As one who hidden in deep sedge and reeds
Smells the rare scent made where a panther feeds,
     And tracking ever slotwise the warm smell
Is snapped upon by the sweet mouth and bleeds,

His head far down the hot sweet throat of her—
So one tracks love, whose breath is deadlier . . .
("Laus Veneris")

The major part of Edith Sitwell's selection comes from Poems and Ballads (1866), and includes the whole of Atalanta in Calydon (1865). Dobrée ranges more out of necessity, since the Penguin selection intends to represent the whole body of Swinburne's writing. After Swinburne's "rescue" by Watts-Dunton (with whom he shared a household for the thirty years until his death in 1909), there is little of interest in his poems. Perhaps it was the confinement from his excesses that quieted his earlier energy. It was Watts-Dunton's assertion that, "From this moment (1879) Swinburne's connection with Bohemian London ceased entirely." But much had in fairness stopped before that, it would seem. Songs Before Sunrise (1871), written in hero-worship of the Italian political exile Mazzini, shows


increased diffuseness and verbosity despite the occasional interest of a poem like "Hertha" or "Hymn of Man." Still both these last become a tedium of accumulation and patterned manner. The intensity is gone.

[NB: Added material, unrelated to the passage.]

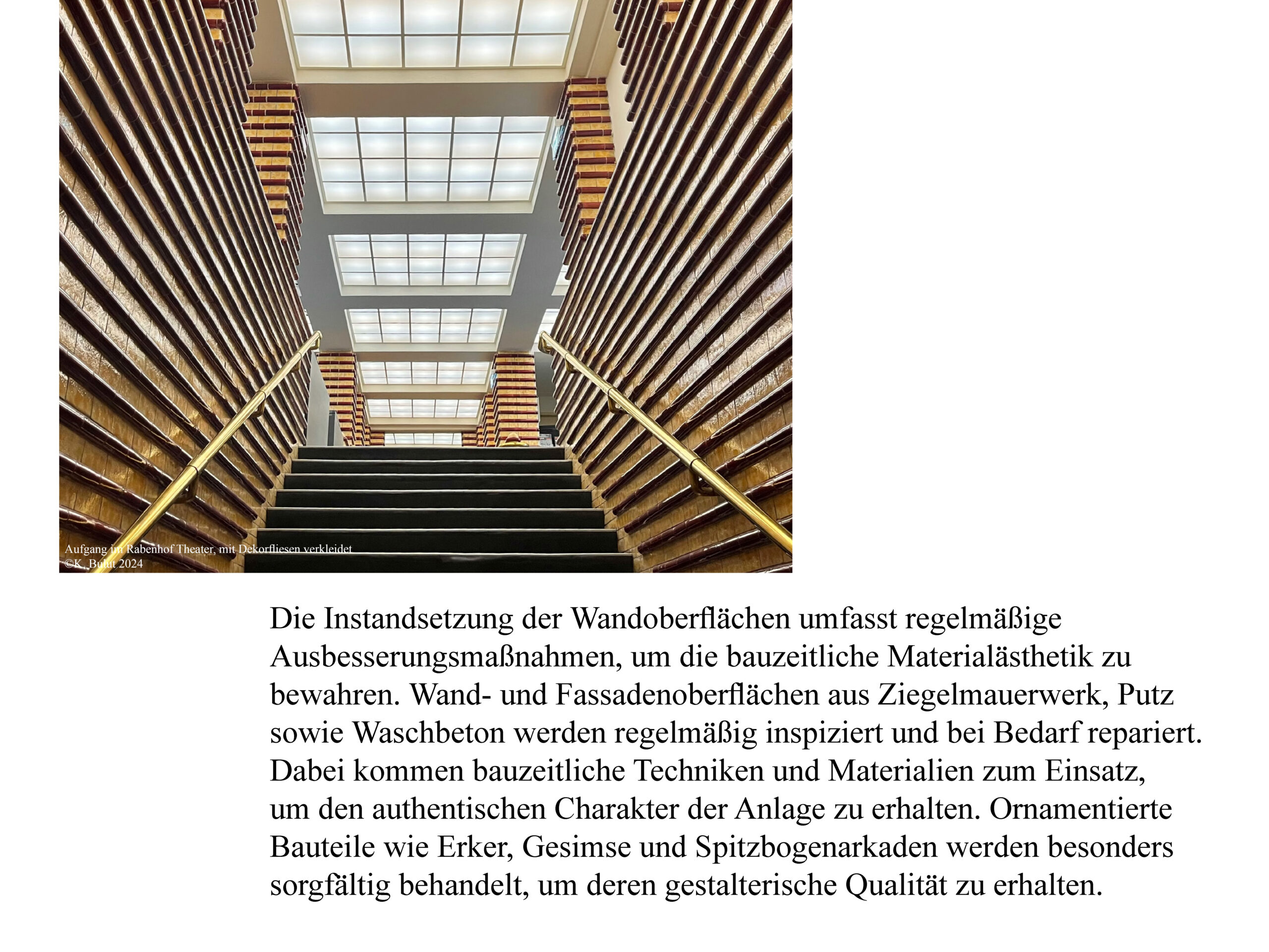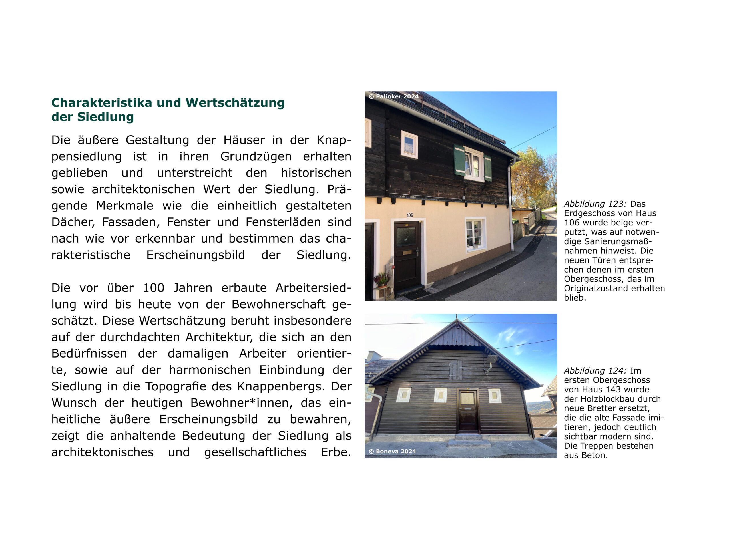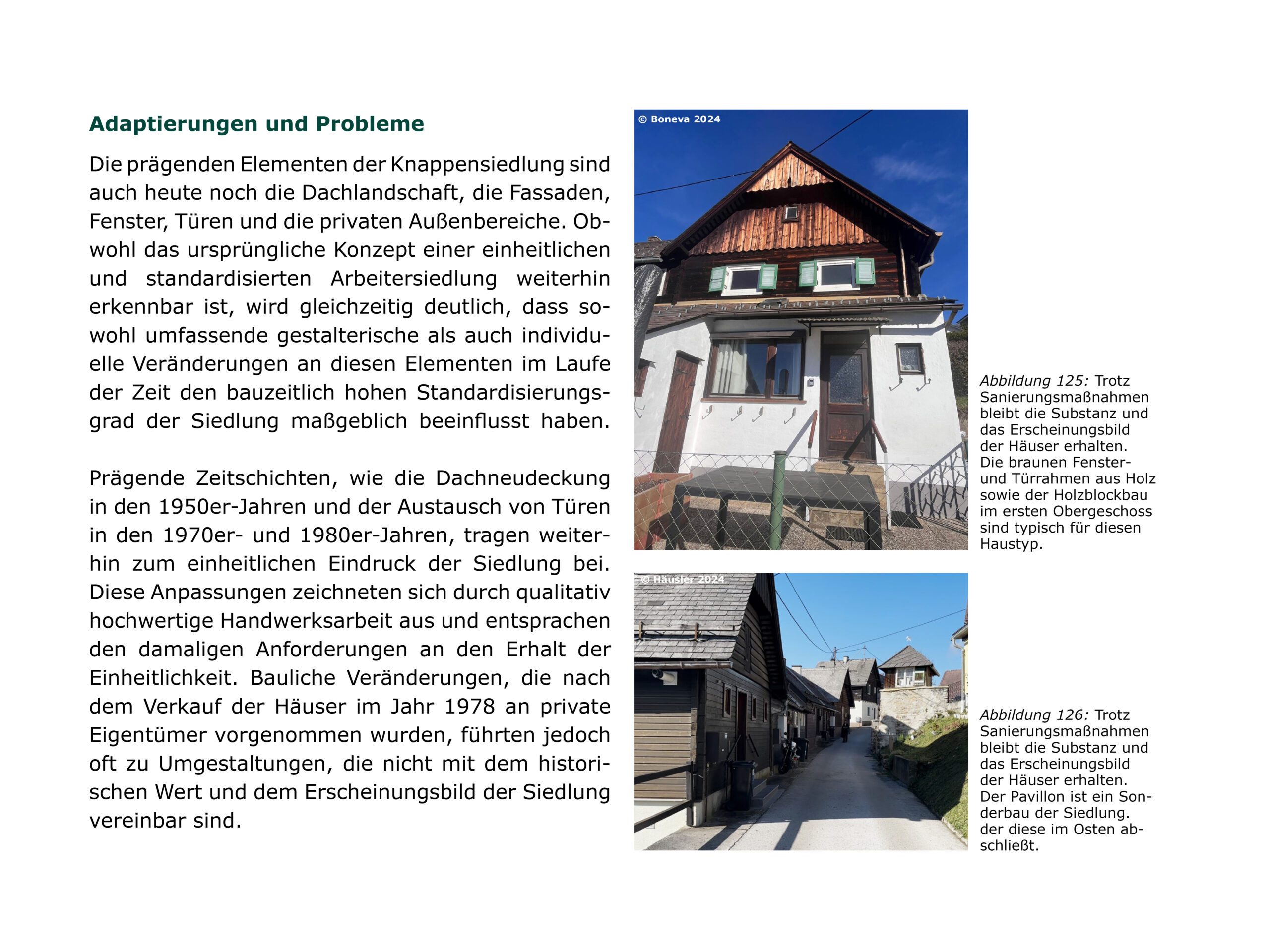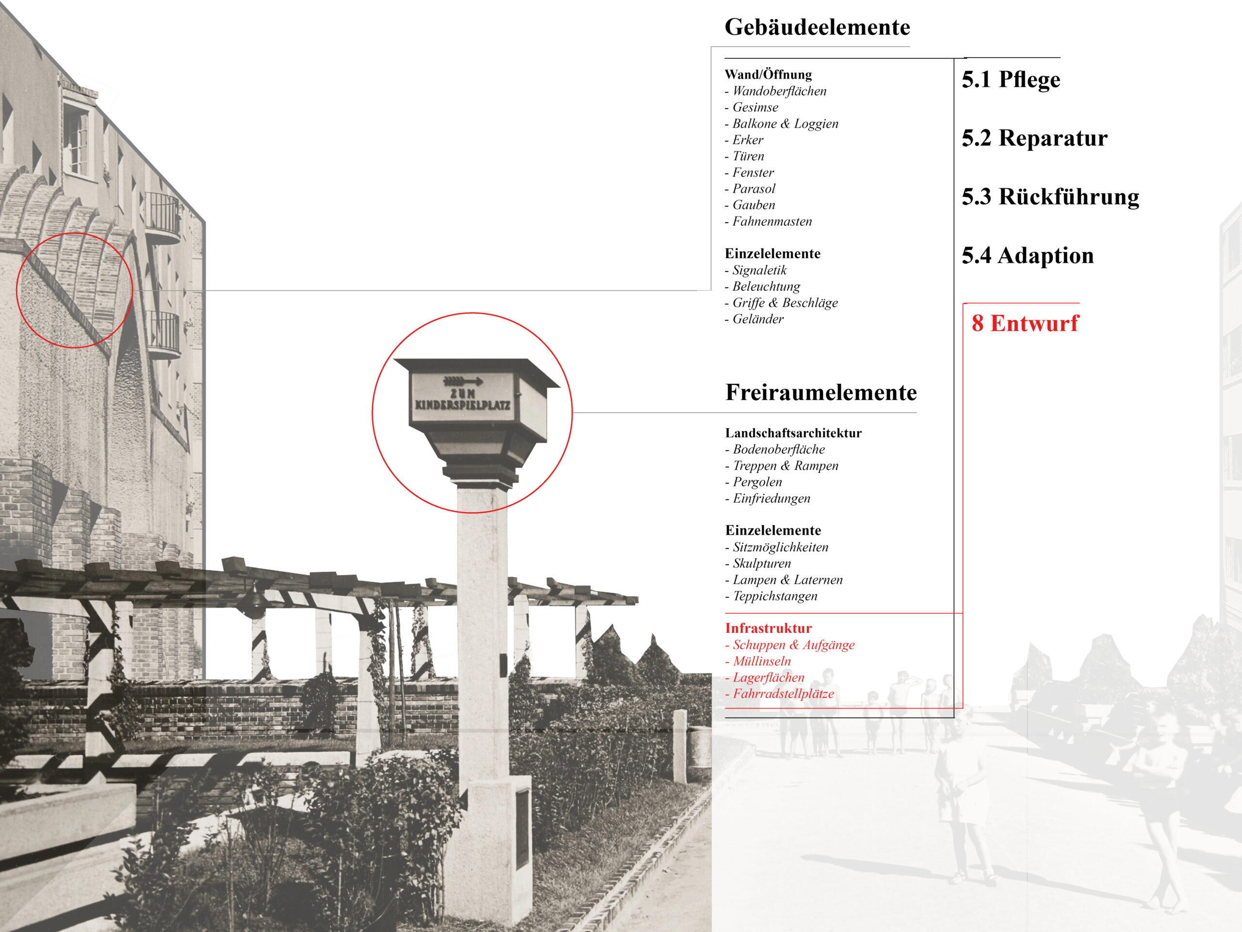 In der Logik des Denkmalpflegeplans wurden, auf Basis des erfassten Bauteilkatalogs und der Wertung in Bedeutungsebenen, strategische Maßnahmen zur Pflege, Reparatur, Rückführung und Adaption entwickelt. Mit starker Einbindung der Bewohner:innen erfolgt die Erhaltung in kleinteiligen, individuellen Schritten gemäß den erfassten Bauteilen. Die architektonische Substanz bleibt gewahrt, Schäden werden gezielt im Sinne des Katalogs repariert, um die ästhetischen und sozialen Qualitäten gemäß der bauzeitlichen Intention zu sichern.

It is doubtful to me that Swinburne can now be of much use to us. We have come, or have tried to, so far from the manners of that period, moving toward (as Grierson notes in his monograph on Swinburne) an increased use of spoken rhythms. This is why, perhaps, Swinburne's poems must seem so interminably artificial a contrivance so very often. Or perhaps it is, as Robert Duncan suggests, that Swinburne's "pleasurable pain/painful pleasure specialty may have something to do with his aesthetic in the actual poem—going on almost unbearably as he does. The fascinating bore in discourse is a sadist in that way."